Но стоило нам дойти до ЛЭП, как мы поняли, что бояться нам тут совершенно нечего. Шоссе бурно шумело справа, машинки и автобусы пролетали по нему очень быстро, и мы с Серегой на этом поле со стороны выглядели, как муравьи. К тому же, находясь на вершине, мы видели всю местность на 360 градусов. И если бы кому-то захотелось начать хотя бы движение в нашу сторону, то мы бы это заметили первыми. Таких дорог, которые могли бы с шоссе или от реки вести на поле, не было. До нас можно было бы доехать только на УАЗике или на джипе, но скорость движения по этому полю на машине была бы небольшой. В общем, широта размаха русского поля была на нашей стороне, и мы, постояв на поле для пущей надежности еще минут 10, стали расчехлять рюкзаки и доставать металлоискатели и лопаты. Пока мы готовились начать поиски артефактов войны 1821 года, я не переставал задавать себе вопрос: а что же мы можем реально здесь найти?

Поле боя осталось за русскими войсками, которые, вероятно, успели собрать так нужное в будущих боях холодное оружие, и, тем более, найти и увезти все огнестрельное: оно было тогда на вес золота. Тогда же наверняка и обобрали трупы всех погибших французов. Если это и не сделали солдаты, то наверняка в последующем имели возможность сделать крестьяне или лихие люди с находившейся неподалеку большой Калужской дороги. Однако тут не было на виду ни одного памятника на могиле русских солдат, которые тоже погибли здесь. Было бы неплохо, если бы однажды на видном месте тут построили воинский мемориал по событиям 1812 года, подумал я тогда. Для поисков нам оставался лишь небольшой диапазон предметов: утерянная в сражении мелкая утварь, элементы одежды воинов и снаряжение кавалерии и собственно лошадей. Шансов найти саблю, пехотное ружье, тесак или пушку практически не было. Зато почти все предметы богатого снаряжения кавалериста тогда изготавливались из цветного металла. Мы решили, что если удастся найти хоть что-то, отдаленно напоминающее пуговицу с мундира или французскую монету, то это будет минимальный и достаточный успех для первой вылазки.
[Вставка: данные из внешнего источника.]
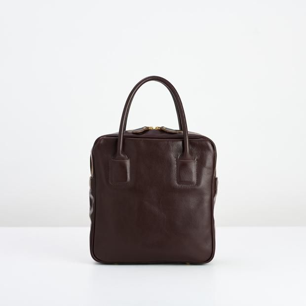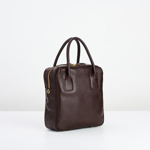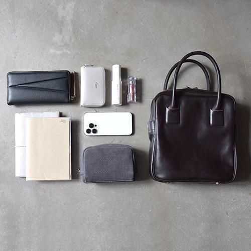 スクエア型の、少しモード感がありながらクラシカルな雰囲気のバッグ。
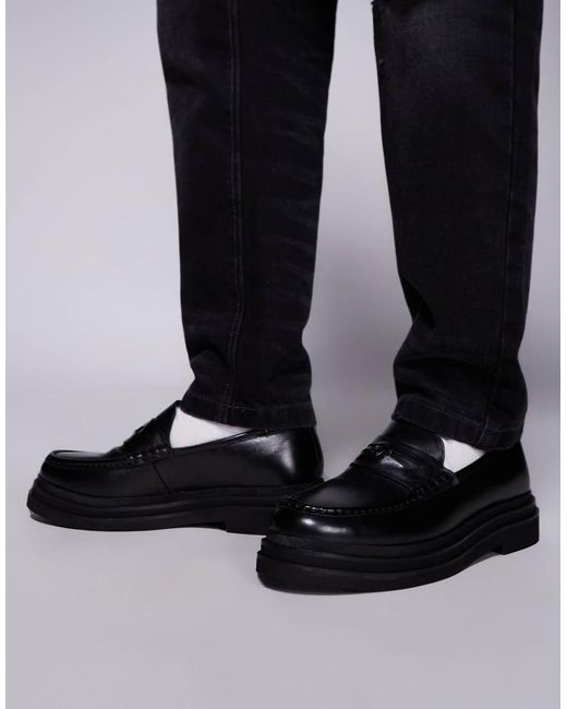 Mocasines Penny Negros De Cuero Brooklyn De de hombre
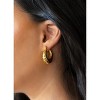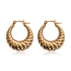 Our oblong Starla Hoop earrings capture a classic crescent/croissant design featuring a tubular shape with a scalloped texture. These lightweight hoops sit securely on the ears with click-top posts, all in brightly polished, durable stainless steel 18k yellow gold plating. Add a pair of unique earrings to your Ear Party look, or wear these pretty hoops solo.
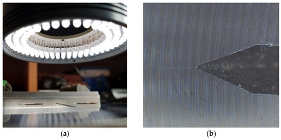 The tested sample was cyclically stressed in the test equipment, (see Figure 3 and Figure 4) and after a certain number of cycles, a fatigue crack began to propagate from the notch. The task was to capture the moment of formation of this crack and, at the same time, measure its size in real time. Despite initial experiments, mentioned NDT methods proved to be unsuitable. Due to the large vibrations, the use of real-time optical image evaluation proved to be optimal.

Мы с Серегой разделили секторы для работы и стали ходить с приборами, периодически оглядываясь по сторонам и оценивая обстановку. Скажу сразу, что монетный поиск по старине очень сильно отличается от копания по Великой Отечественной войне. В первом случае, как оказалось, нужно не только проводить серьезные поиски по литературе, но и сопоставлять полученную информацию с реалиями. Ведь будет обидно и досадно, если ты вдруг найдешь в каком-то источнике очень интересную информацию о какой-то барской усадьбе, а приехав на место, обнаружишь, что на ее месте находится полигон твердых бытовых отходов. И еще старина отличается тем, что приходится отрабатывать каждый сигнал, прорабатывая сотни килограмм мусора, и лишь одна тысячная часть из всего этого может оказаться действительно стоящей старинной монеткой. От нумизматов я узнал, что не все монеты имеют цену, многие, особенно ходовые и плохо сохранившиеся медные пятаки и даже серебряные рубли, считаются «мусорными монетами» – из-за своей обширной распространенности. Даже клад пятаков в кубышке может иметь только ситуативную ценность для самого копателя, а на деле прибыль от его реализации может лишь едва окупить потраченный за много выездов бензин. А вот если искать следы исключительно Великой Отечественной, то процент стоящих находок резко вырастает, как и их абсолютное количество. Возможно, поэтому многие копатели практически поголовно начинают с военной археологии, постепенно переходя все дальше вглубь веков, приобщаясь к монетам в частности и к старине вообще.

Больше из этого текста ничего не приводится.